EXERCISE DESCRIPTION: Leave no picture in, and give every entry again exactly.

STUDY MATERIAL:
+--
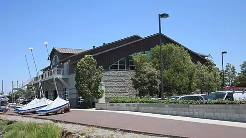 The modern Stanford Rowing and Sailing Center is located alongside Redwood Creek in Redwood City and was built in 2003 to replace older facilities.[9] It is a 16,500 square feet (1,530 m2) boathouse that cost US$5,000,000 to build. The building was designed by Hoover Associates and contains accommodation for both men's and women's crew and sailing with a second level with locker areas, exercise facilities, and a large function room.[10] The center also hosts many youth rowing and sailing groups, often sharing dock and launch space with the nearby Marine Science Institute.[11]
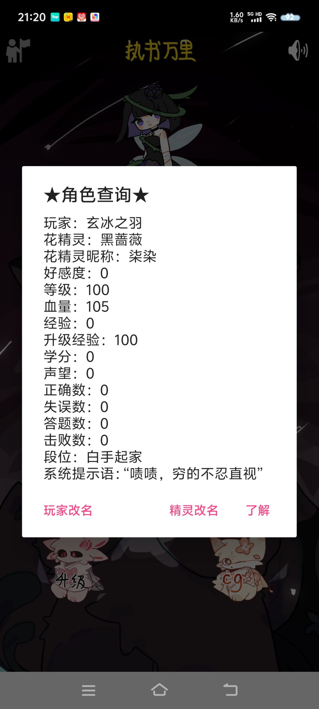 点击查询可以查看大部分角色和精灵信息,可以随时改名不收取任何货币
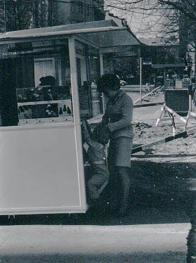 | Nainen ja tiskin reunalla roikkuva lapsi ostamassa jäätelöä Jäätelöyhtymän kioskilta Fleminginkadulla. | |
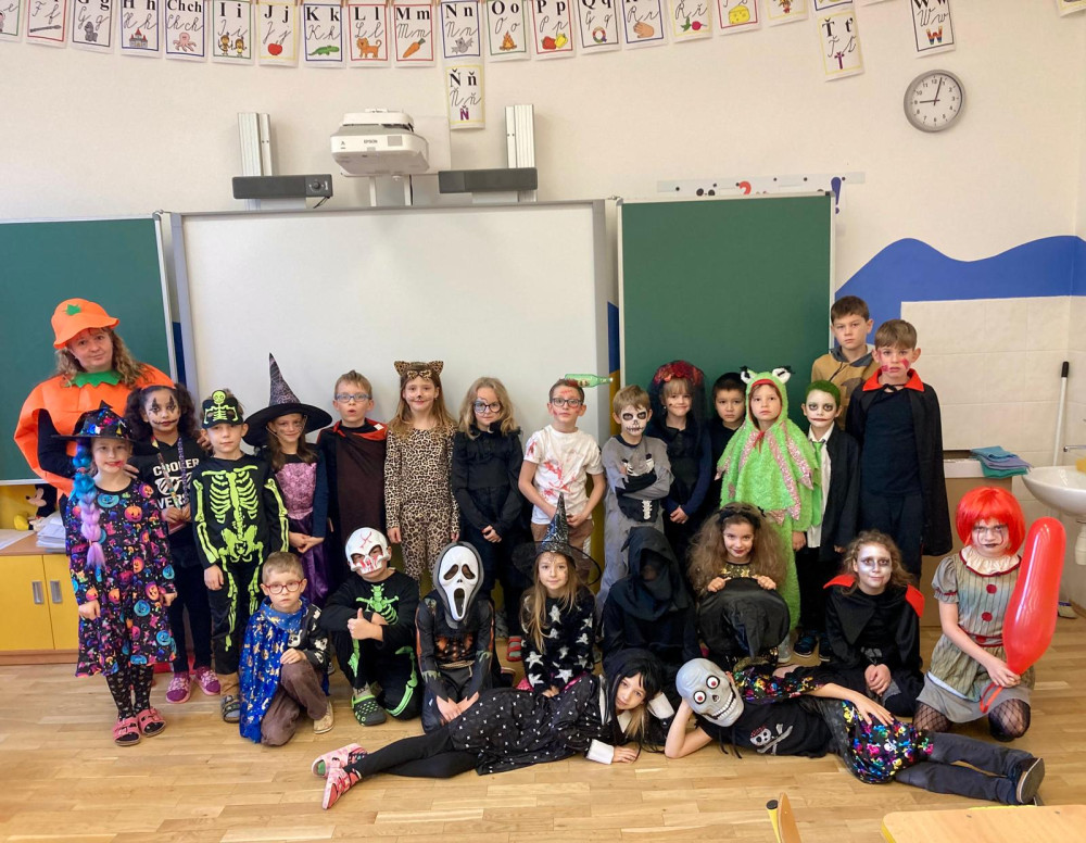 Dnešní “strašidelný” den se povedl. Děti měly úžasné masky, přinesly spoustu sladkých i slaných dobrot. Ve skupinkách plnily halloweenské úkoly a vyrobily si lucerničku. V jídelně nás čekala speciální výzdoba i dezert. Více fotografií najdete v odkazu níže.
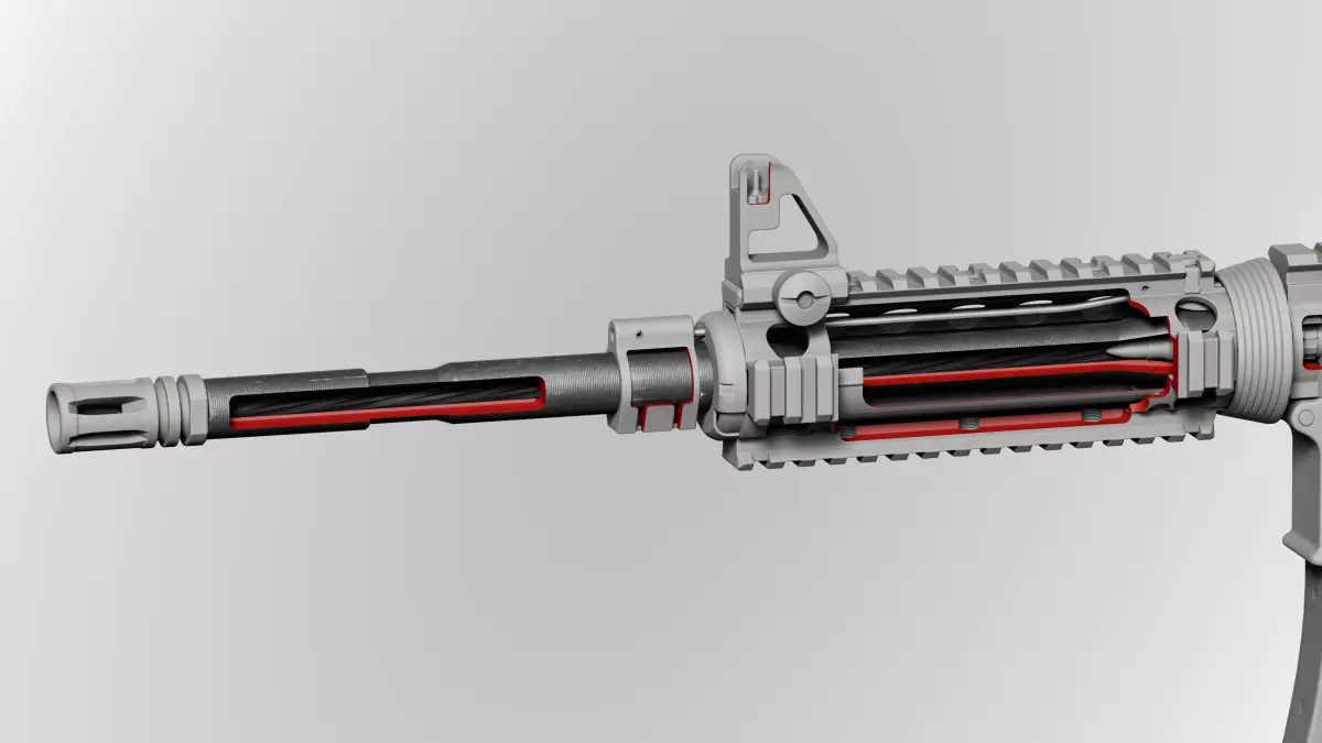 This assembly is unique due to its modularity, allowing parts to be replaced or integrated into other projects. Full compatibility with M4A1 components from other authors cannot be guaranteed, but it is fully compatible with my own components.
+--
SOLUTION FOR THIS PROBLEM:
 The modern Stanford Rowing and Sailing Center is located alongside Redwood Creek in Redwood City and was built in 2003 to replace older facilities.[9] It is a 16,500 square feet (1,530 m2) boathouse that cost US$5,000,000 to build. The building was designed by Hoover Associates and contains accommodation for both men's and women's crew and sailing with a second level with locker areas, exercise facilities, and a large function room.[10] The center also hosts many youth rowing and sailing groups, often sharing dock and launch space with the nearby Marine Science Institute.[11]
 点击查询可以查看大部分角色和精灵信息,可以随时改名不收取任何货币
 | Nainen ja tiskin reunalla roikkuva lapsi ostamassa jäätelöä Jäätelöyhtymän kioskilta Fleminginkadulla. | |
 Dnešní “strašidelný” den se povedl. Děti měly úžasné masky, přinesly spoustu sladkých i slaných dobrot. Ve skupinkách plnily halloweenské úkoly a vyrobily si lucerničku. V jídelně nás čekala speciální výzdoba i dezert. Více fotografií najdete v odkazu níže.
 This assembly is unique due to its modularity, allowing parts to be replaced or integrated into other projects. Full compatibility with M4A1 components from other authors cannot be guaranteed, but it is fully compatible with my own components.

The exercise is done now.